[THE QUEEN OF SPAIN screens Saturday September 1st at 7:00 pm at the Cleveland Cinematheque.]
Review by Bob Ignizio
A mix of cinematic nostalgia, farcical comedy, and political intrigue, Fernando Trueba’s THE QUEEN OF SPAIN never really congeals into a satisfying whole. The main plot concerns glamorous Spanish actress Macarena Granada (Penelope Cruz) returning to her home country after becoming a star in America only to find that her presumed dead lover Blas Fontiveros (Antonio Resines) is alive. Blas gets a job on the film Macarena is starring in, a biopic about Spain’s Queen Isabella, but quickly runs afoul of his ex-wife’s new beau, an officer in the Franco regime.

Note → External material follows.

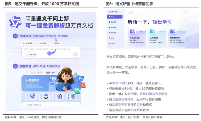 阿里同义千问&通义听悟重磅升级,免费开放1000万文字解析。3月19日,阿里大模型产品“通义听悟”发布多项新功能,上线音视频问答助手“小悟”、一键 AI 改写、思维导图生成等六大功能。而kimi因为长文本的出众优势而持续火热后,通义千问在3月22日消息宣布升级,向所有人免费开放1000万字的长文档处理功能,成为全球文档处理容量第一的AI应用。多家国内大模型厂商也同时宣布在长文本环节的版本升级或内测,国产大模型再度迎来竞争升级。

Blas is sent off to do hard labor, and at the urging of his ex-wife, Macarena goes to visit him. As it becomes increasingly apparent that someone wants Blas not just imprisoned, but dead, Macarena hatches a plot with the cast and crew of the film to help Blas escape.
Around this main storyline, various other minor diversions swirl and intersect. Macarena falls for a young head grip (Chino Darin), the film’s prestigious director (Clive Revill) turns out to be a washed up drunk, forcing the uncredited screenwriter (Mandy Patinkin) to take over, and various cast and crew members engage in romantic escapades.
There are pleasures to be found in QUEEN OF SPAIN. Ms. Cruz exudes considerable charisma and star power in her role. Film buffs will likely enjoy some of the behind the scenes minutiae. And given that the dictatorial Franco regime has to some degree faded from memory, and the fact that Spanish filmmakers couldn't exactly comment directly on it during his reign, this makes for a useful historical document and reminder. Unfortunately, Trueba tries to pack way too much into his film, to the point that the focus gets lost at times, and the main story never really grabs hold.
It bears mentioning that this is a sequel to Trueba’s 1999 film THE GIRL OF YOUR DREAMS, a highly regarded film which this reviewer has not seen. For what it’s worth, at least it never feels as if one is lost not having seen the prior work. That said, if you saw and enjoyed DREAMS and wondered what the characters got up to next, you might get a little more out of this follow-up. On it’s own terms, it’s merely okay. 2 out of 4 stars.